I also wanted to extract substrings of appended or fixed-length strings quickly as well.

Since most strings would be less than 64 characters (I reasoned), this too would be virtually constant-time.

In the case of appended strings, the slicing would be proportional to the number of appended strings which would be roughly O(N) but with a very small constant factor in the order of at least 1/10 th on average.

Again, to ensure that the hash calculation would not harm performance, I needed a way to adjust the hash of a string by the hash of the leading or trailing substrings.

eg.

hash( "def" ) = some_function( hash ( "abcdef" ) , hash( "abc" ) )

hash( "abc" ) = some_function( hash ( "abcdef" ) , hash( "def" ) )

To do this I needed to choose carefully the value of k such that k * inv(k) = 2**28 + 1, where inv(k) is the multiplicative inverse of k - ie. k and inv(k) are factors of 2**28+1.

Lucky Break

This part is simply a fluke. I needed my hash to be 28 bits so that I can store type information in the other 4 bits of a 32-bit value.

I could use a hash that is less that 28 bits, but not more.

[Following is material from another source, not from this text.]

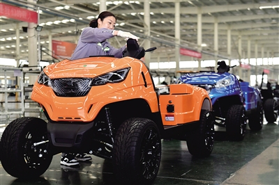 圖為在山東永利新能源車業有限公司,工作人員生產新能源高爾夫球車。 新華社記者 郭緒雷 攝

Fortunately, 2**28 +1, which is 268,435,457 has two prime factors: 17 and 15790321.

It is also fortunate that 17 is a reasonable multiplier for a hash as well since, I reasoned, it preserves the low 4 bits of each character which contain the most information for the letters and numbers and punctuation characters.

I have found another hash function that uses k=17.

Removing Characters and Calculating the New Hash in O(1)

To remove a leading character from a string of length n, you need to remove it's component of the hash which has been multiplied by k, n-1 times. So the new hash is

hash( s' ) = hash( s ) - k**(n-1) * c, where c is the first character of the string s

This can be done in constant-time, but removing M characters takes linear-time, O(M).

In the more general case, removing a leading substring of m characters follows the same pattern: here the leading substring has been multiplied by k, n - m times.

hash( s' ) = hash( s ) - k**(n-m) * hash( f ), where f represents the leading m characters of the string s.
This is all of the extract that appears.